Pulp necrosis (also referred to as Queratinosis in Brazil) or dead pulp (Figure 5) is defined as necrotic dental pulp due to trauma, infection or chemical reaction characterized by no response to thermal stimulation. A necrotic dental pulp causes toothache, discoloration of the tooth, acute apical periodontitis, or dental abscess [28]. Two observational reports suggest that SS is a potentially risk factor for pulp necrosis in intact permanent teeth [29,30].

Infection

Poor dental hygiene leads to the formation of plaque on teeth when food particles interact with bacteria normally present in the mouth, Plaque that remains on the teeth for a long time hardens and forms tartar also called calculus. Persistent plaque and tartar cause gingivitis. If untreated, gingivitis progresses to more serious complications such as chronic periodontitis, dental abscess and bone destruction culminating in tooth loss [31]. Periodontal infection may precipitate painful vaso-occlusive crises and increase the frequency of hospital admissions among adult patients with SCD [32,33].

Iron overload

Scrapings obtained from the buccal mucosa of multiply transfused 40 patients with β-thalassemia major and 20 patients with SS and stained with Prussian blue stain showed the presence of iron in 72.5% of the thalassemia patients and 35% of the SS patients. None of the control normal subjects had iron present in scrapings from their buccal mucosa [34]. Moreover, the prevalence of dental caries and periodontal diseases was significantly more in β-thalassemia patients followed by SS patients than control group [35]. In addition, the presence of decayed missing filled teeth was significantly (p < 0.001) higher in the thalassemia group than in patients with SS [35]. Patients with β-thalassemia usually receive more blood transfusion than patients with SS. Together; these findings suggest that dental complications of patients with β-thalassemia and to lesser extent patients with SS are associated with iron overload. Further studies are needed to confirm these findings.

Conclusion

The strength of this mini review is the emphasis on the importance of dental complications in SCD which often precipitate or worsen other clinical features of the disease including vaso-occlusive crises and systemic infections. The weakness of the review is the lack of evidence that certain dental complications such as caries are specific to SCD bur are as frequent as in other patient populations. Specifically, patents with SCD often experience orofacial pain which seems to be of two types.
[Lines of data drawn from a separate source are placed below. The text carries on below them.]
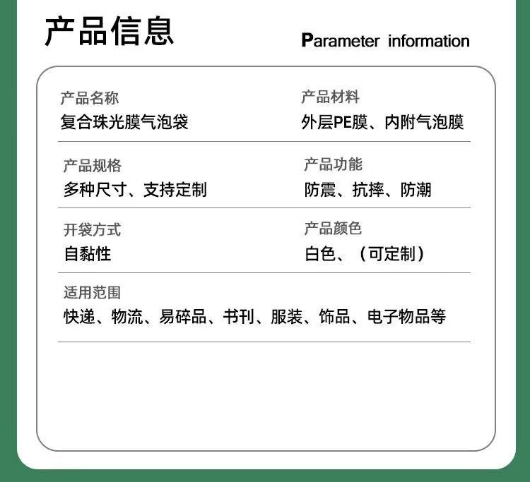 Bolsa de burbujas de película de perla compuesta blanca engrosada para envío exprés impermeable a prueba de golpes embalaje de espuma venta al por mayor
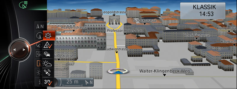 Auch an der Navigationsanwendung hat BMW gearbeitet. Für eine bessere Orientierung schon während der Zieleingabe zeigt das System im Splitscreen den ausgewählten Ort auf einer Übersichtskarte an. Aus der Karte heraus lassen sich über das sogenannte PIE-Menü nun zahlreiche Informationen aufrufen. Je nach hinterlegten Informationen kann sich der Fahrer Sonderziele in der Umgebung anzeigen lassen, vorhanden Details dazu einsehen, die Zielführung dorthin starten, die Kartenansicht ändern sowie den aktuellen Standort oder den aktuellen Zielort anzeigen lassen. Die aus der Navigationsansicht bekannte Funktionsleiste kann beim neuen Navigationssystem Professional erweitert werden und bietet jetzt Zugriff auf weitere wichtige Optionen, die sich der Nutzer früher durch umständliches Durchhangeln durch das Menü heraussuchen musste.
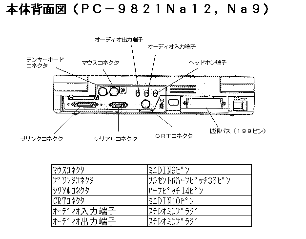 ┌──────────────────────────────────┐ │ 98NOTE Lavie │ │ PC−9821 Na12 │ └──────────────────────────────────┘ ☆PC−9821Na12/H10 標準価格:690,000円(税別) ☆PC−9821Na12/H8 標準価格:660,000円(税別) 発表:1995年11月 ※ご注意:本機には、Windows(R)95とWindows(R)3.1の両方の OSをインストールしており、本体最初の起動時に何れか片方のOSのみを選択 して使用することができます。なお、選択しなかったOSは固定ディスクから 自動的に削除されますのでご注意ください。 ■仕様一覧(PC−9821Na12) ┌─────────┬───────────────────────────┐ │ │PC−9821Na12 │ │ ├─────────────┬─────────────┤ │ │/H10 │/H8 │ ├─────────┼─────────────┴─────────────┤ │CPU │Pentium(TM)プロセッサ(120MHz) │ │┌────────┼───────────────────────────┤ ││内蔵キャッシュ │16KB │ ││メモリ │ │ ├┴────────┼───────────────────────────┤ │セカンドキャッシュ│256KB │ │メモリ │ │ ├─┬───────┼───────────────────────────┤ │ │ROM(FlashROM)│96KB(BIOS、N(88)-BASIC(86))、32KB(98NOTEメニュー他) │ │メ├───────┼───────────────────────────┤ │ │メインRAM │16MB(ユーザーズメモリ:15.6MB) │ │モ│ ├───────────────────────────┤ │ │ │別売の増設RAMボードにより増設可能(最大:48MB)(*8) │ │リ├───────┼───────────────────────────┤ │ │ビデオRAM │1MB(テキスト、グラフィック表示用) │ ├─┼───────┼───────────────────────────┤ │ │表示素子 │10.4インチTFTカラー液晶 │ │ ├───────┼───────────────────────────┤ │ │テキスト表示 │英数カナ:80文字×25行/80文字×20行、漢字(16ドット、 │ │ │ │ゴシック体):40文字×25行/40文字×20行 │ │表│ │文字単位にアトリビュート設定可能、グラフィック画面とは│ │ │ │独立したコードリフレッシュ方式のテキスト画面表示を │ │ │ │サポート │ │ ├───────┼───────────────────────────┤ │示│グラフィック │640×400ドット(4,096色中16色)、640×400/640×480ドット│ │ │表示 │(4,096色中256色)(*1) │ │ │┌──────┼───────────────────────────┤ │機││ウィンドウア│Trident社製Cyber9320(TM)を搭載 │ │ ││クセラレータ├───────────────────────────┤ │ ││によるグラ │800×600ドット(26万色中256色/65,536色)(*2) │ │能││フィック表示│640×480ドット(26万色中256色/65,536色(*2)/26万色(*2) │ │ ├┴──────┼───────────────────────────┤ │ │マルチシンク │640×480ドット(1,677万色)、800×600ドット(65,536色)、│ │ │ディスプレイ │1,024×768ドット(256色)表示可能 │ │ │接続時 │ │ ├─┴───────┼───────────────────────────┤ │サウンド機能 │PCM録音・再生機能装備、エンハンスドFM音源機能装備、│ │ │標準FM音源(FM音源6音/リズム音源6音/SSG音源3音)、拡張FM│ │ │音源(FM音源20音)、ステレオスピーカ(EBAP回路付、 │ │ │出力:0.5W+0.5W)・マイクロホン内蔵 │ ├─┬───────┼───────────────────────────┤ │入│キーボード │本体との一体型、JIS標準配列(英数、カナ)、Windows(R)95│ │力│ │対応12ファンクションキー、Windowsキー、アプリケーショ │ │機│ │ンキー、NUMキー │ │能├───────┼───────────────────────────┤ │ │ポインティング│98スライドパッド標準装備 │ │ │デバイス │ │ ├─┼───────┼───────────────────────────┤ │補│フロッピィ │3.5インチFDD×1ドライブ内蔵(着脱可能) │ │助│ディスク │ │ │記├───────┼─────────────┬─────────────┤ │憶│固定ディスク │内蔵(約1GB) │内蔵(約810MB) │ │装├───────┼─────────────┴─────────────┤ │置│CD-ROM │内蔵(4倍速) │ │ │ │ │ ├─┴───────┼───────────────────────────┤ │インタフェース │マウス(バスマウス、ミニDIN9ピン)、プリンタ(パラレル、│ │ │ハーフピッチ36ピン)、シリアル(最大115.2Kbps、ハーフ │ │ │ピッチ14ピン)、赤外線通信(IrDA規格に
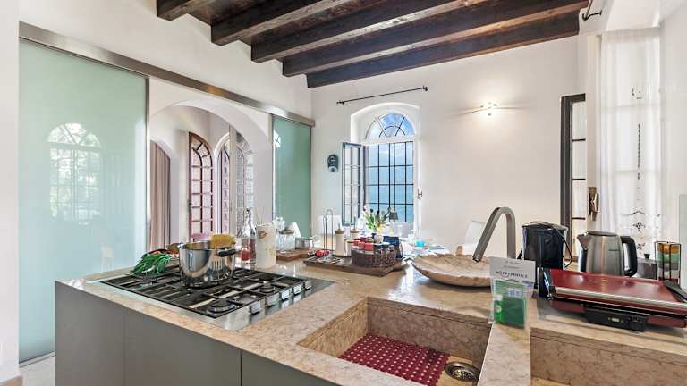 Die Villa umfasst vier Schlafzimmer und eine Küche, die mit einem Kühlschrank und einem Geschirrspüler ausgestattet ist. Drei Badezimmer sind vorhanden, darunter mit einem Bidet, Haartrockner und Waschmaschine. Handtücher und Bettwäsche werden bereitgestellt. Die Unterkunft bietet Nichtraucherzimmer sowie Familienzimmer.
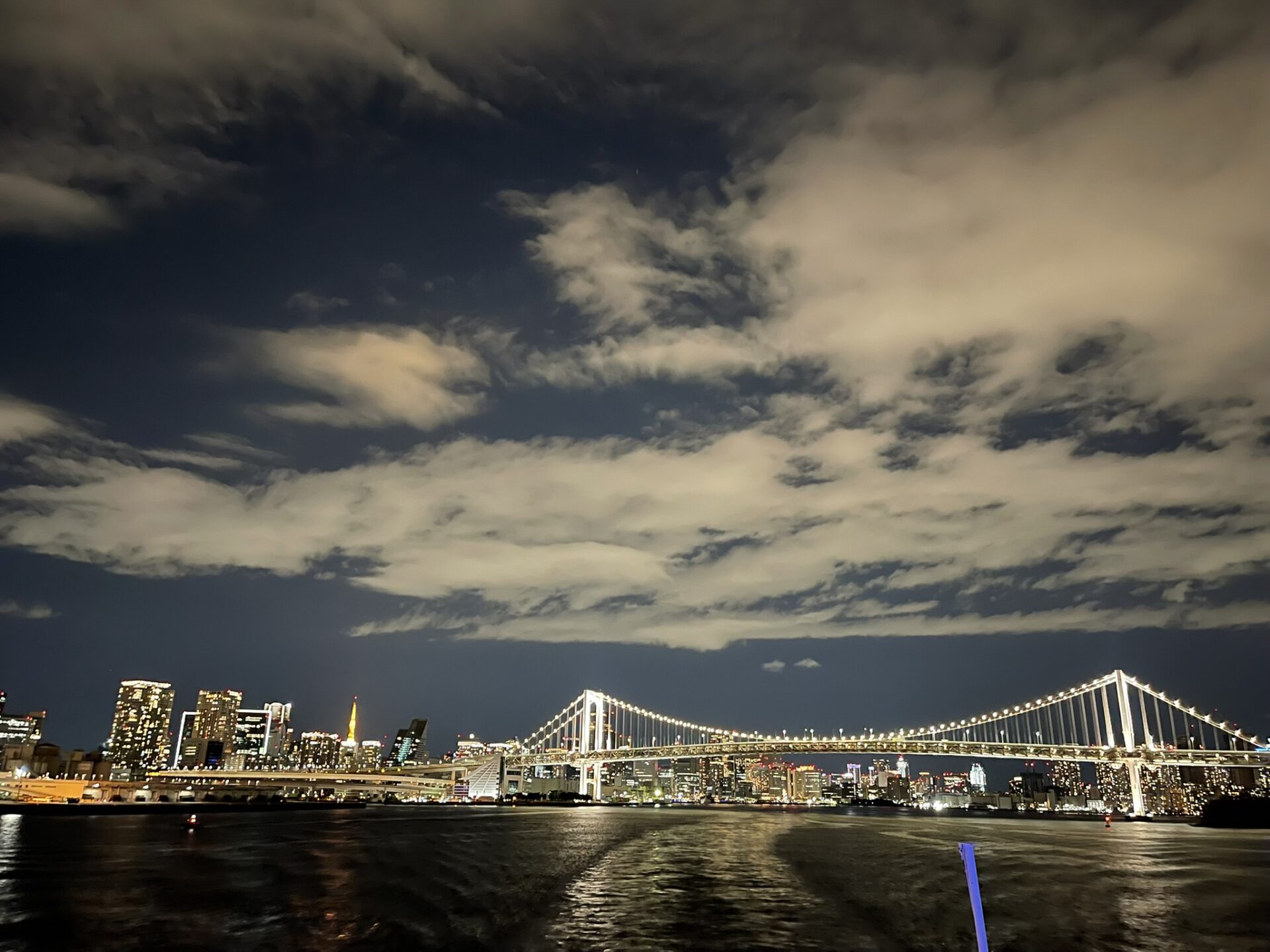 深夜22時にさるびあ丸で竹芝を出航し、網膜に焼き付く東京湾岸の夜景に胸踊らせ、
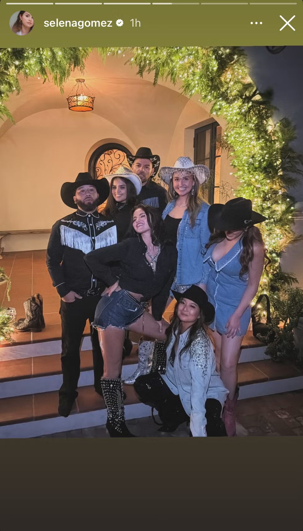 وظهرت غوميز بإطلالة مستوحاة من أجواء رعاة البقر، حيث ارتدت شورت جينز قصيرًا مع حذاء طويل على الطراز الغربي. كما شاركت متابعيها عبر Instagram لقطات من الحفل، من بينها صورة وهي تقبّل زوجها على حلبة الرقص، وعلّقت عليها قائلة: «عيد ميلاد سعيد يا راعي البقر».
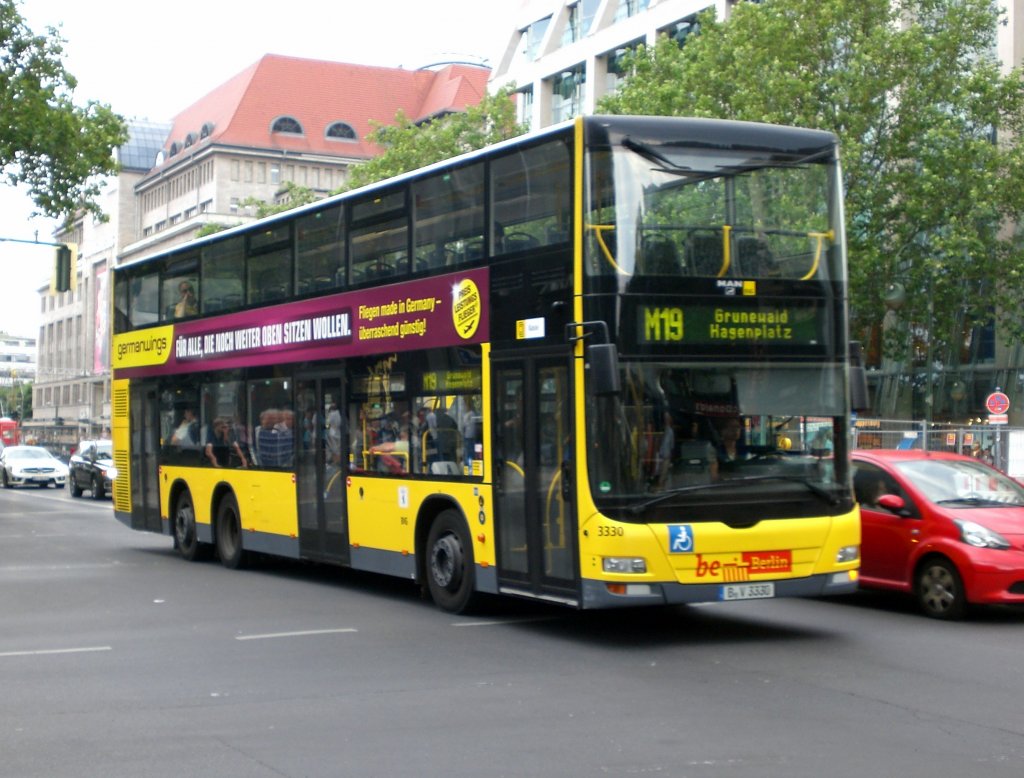MAN Lion's City DD (Doppelstock) auf der Linie M19 nach Grunewald Hagenplatz an der Haltestelle Charlottenburg Europa-Center.
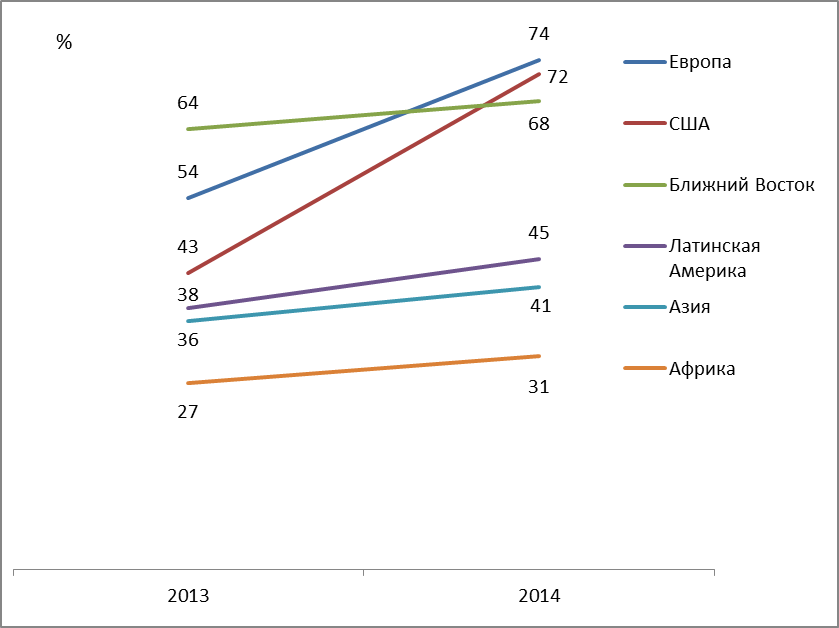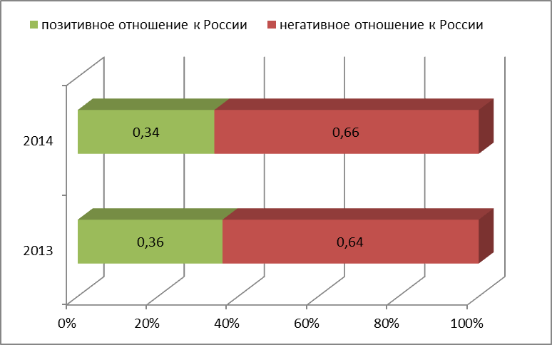 Американские социологические службы констатируют факт, что отношение к России в 2014 году существенно ухудшилось и ситуация принимает «драматический» характер. Наиболее существенные сдвиги в сторону русофобии наблюдаются в Европе и США (рис. 1).

The first type occurs in the absence of dental pathology and is probably associated with vaso-occlusive painful crises [29,36]. The pathophysiology of this type of pain seems to be due to vasoocclusion within the microcirculation of the facial bones and dental pulp with small microinfarcts in the bone marrow [36]. The second type of orofacial pain is due to specific oral and dental pathology including dental caries, pulpal necrosis, enamel hypomineralization and infections [37,38]. Dental care and dental hygiene among patients with SCD is a neglected area that requires more studies. Moreover, some dentists in Urban USA refuse to see patients receiving medical assistance or Medicare [8,38,39].